True, it’s possible that you may be looking for guidance, too. But if you’re not, it’s probably best to let the other person know—in advance—that, if they’re so willing, you just want to bend their ear a bit. Or that the matter is something you need to resolve on your own, so that (at least for now) volunteering any opinions or suggestions, however well-meaning, won’t be helpful.

Unfortunately, the way most of us humans operate in the world—and again, this tends to be much more reflective of men than women—listening to another’s issues prompts us to offer advice. But the problem with such a “helping” mind-set, is that:

  • We’re not exercising the patience necessary to devote our full attention to “taking in” what they’re wanting to share with us.
  • In our ego-centered need to introduce our own (superior?) viewpoint on the situation, we’re inclined to tell them what they need to do. And by, in effect, condescending to them, we can end up either irritating them or making them feel disempowered.
  • If we emotionally over-identify with them, we may—vicariously—“take on” their problem, and so experience our own anxiety about it. In such instances, we may feel absolutely compelled to alleviate this now “shared” uneasiness by dashing headlong with them (against them?!) into problem-solving mode. And though this knee-jerk reaction might assuage our anxiety or discomfort, it’s hardly likely to reduce that of the person who's taken us into their confidence.

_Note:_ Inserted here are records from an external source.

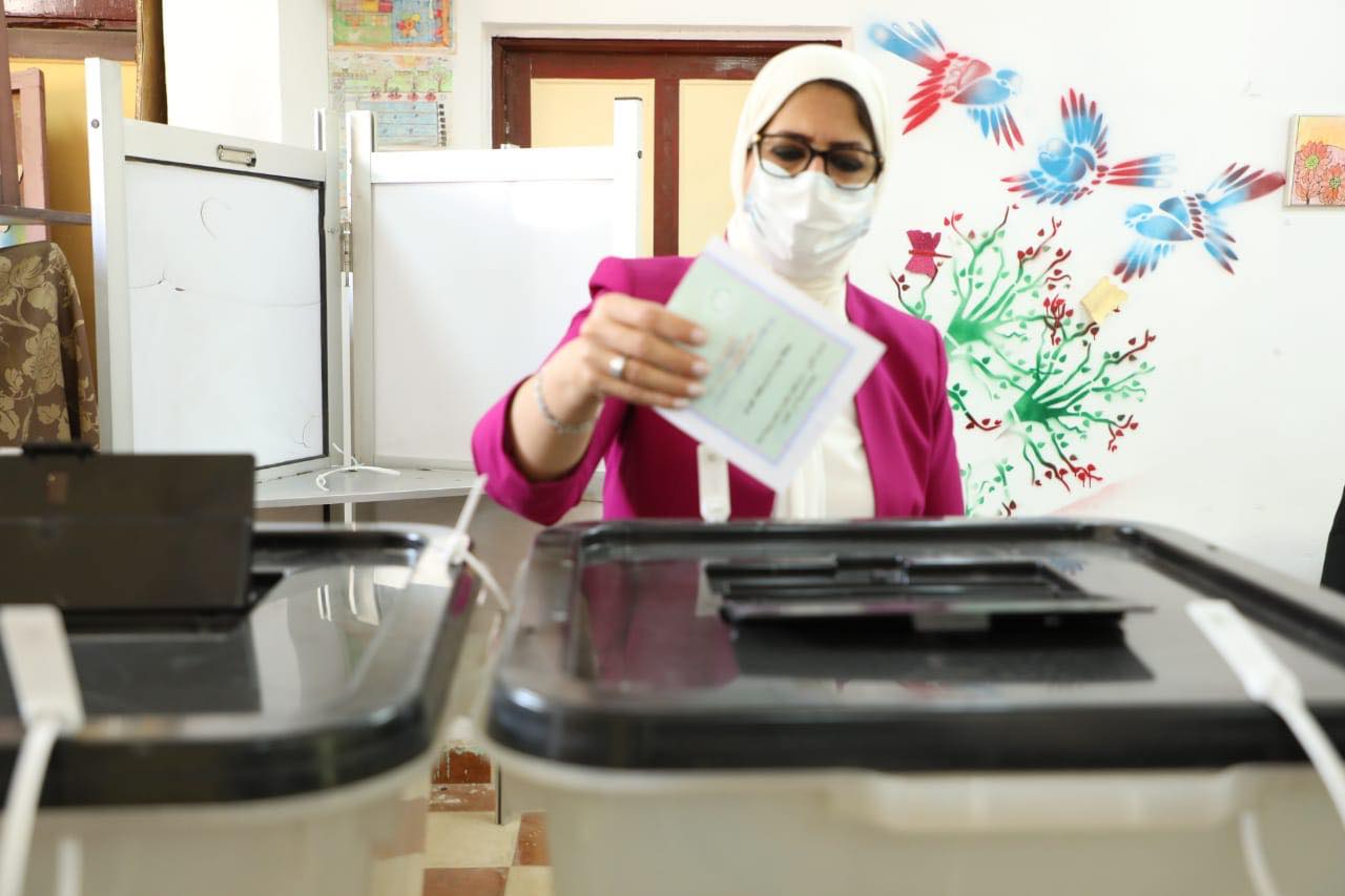 ” خلال الإدلاء بصوتها” وزيرة الصحة تطمئن على الإجراءات الوقائية بانتخابات الشيوخ
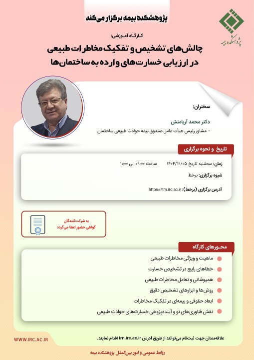 این کارگاه آموزشی با هدف ارتقای دانش تخصصی کارشناسان، ارزیابان خسارت و فعالان صنعت بیمه در حوزه تشخیص دقیق خسارتهای ناشی از مخاطرات طبیعی برگزار میشود.
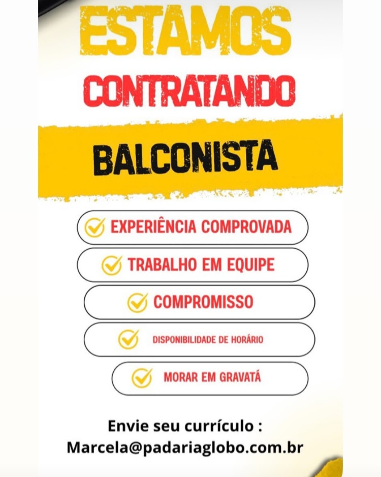 1 Vaga de emprego para Balconista em Padariaglobo.com.br nesta sexta-feira (03/04)
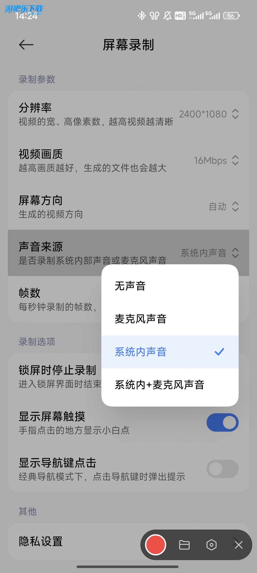 进入 “设置 - 显示 - 屏幕录制”,可调整录制分辨率(720P/1080P)、帧率(30 帧 / 60 帧)、声音来源;
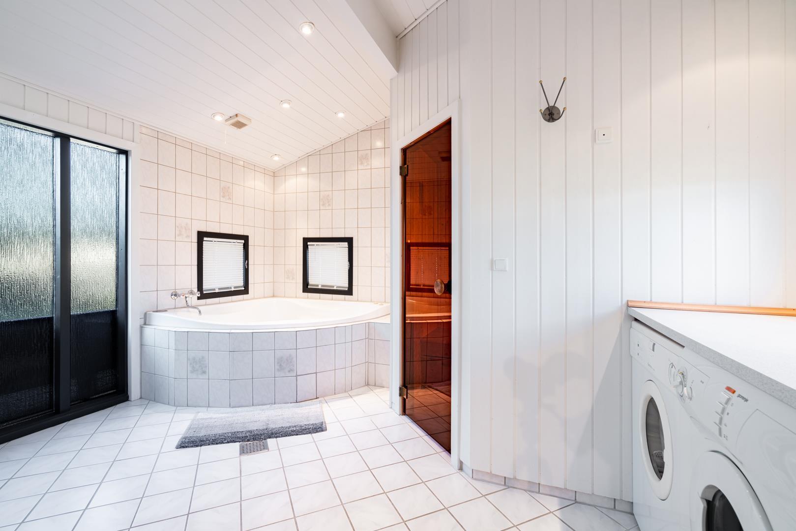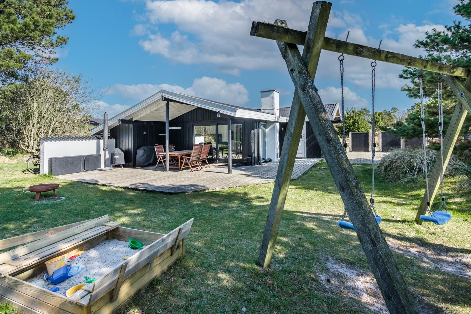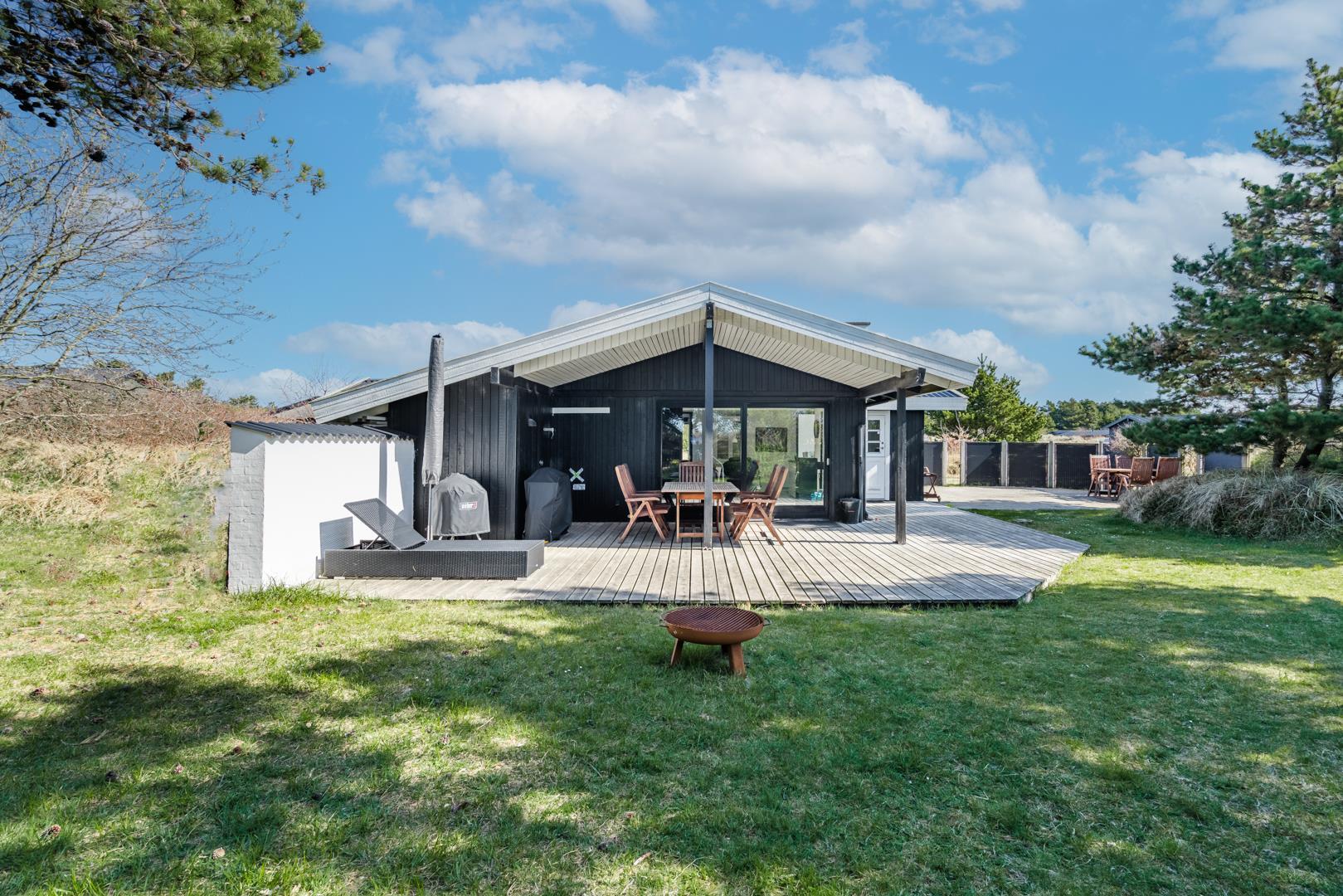 Moderne og børnevenligt feriehus tæt på stranden med sauna, spa og store terrasser i Henne Strand.

In short, taking on the sharer’s problem as though it were our own isn’t really something we do for them; it’s for ourselves. And this is especially true if their difficulty has unconsciously reminded us of something unpleasant from our past that's never been emotionally resolved—and that, in the moment, is coming alarmingly close to the surface.

Unfortunately, when we respond to another intrusively, we’re not hearing them as they need us to—giving them the space they need to gain greater clarity of their situation. Rather, we’re “presuming” to take on their problem. And in making it our own, and then hastening to find ways of rectifying it, we’re really acting disrespectfully—at the least, we’re not giving the sharer what they’d hoped to receive from us.

One other thing that warrants mentioning here is that in being reminded of our own past experience as it might relate to what’s being shared, we may not be able to resist the temptation to interrupt the speaker and (self-indulgent though it is) steal the ball out of their hands and start running with it ourselves. We may not mean to be rude but, unquestionably, interrupting their narrative to begin our own is hardly the compassionate, interested response they were looking for.

Pixabay/CCO Public Domain
Source: Pixabay/CCO Public Domain

So, to conclude, if someone takes you into their confidence, then—as my title emphasizes—carefully “take in” what they have to say... But also take care not to “take it on.”

(Note: Dogs may not understand your words, but they listen well—and don't interrupt.)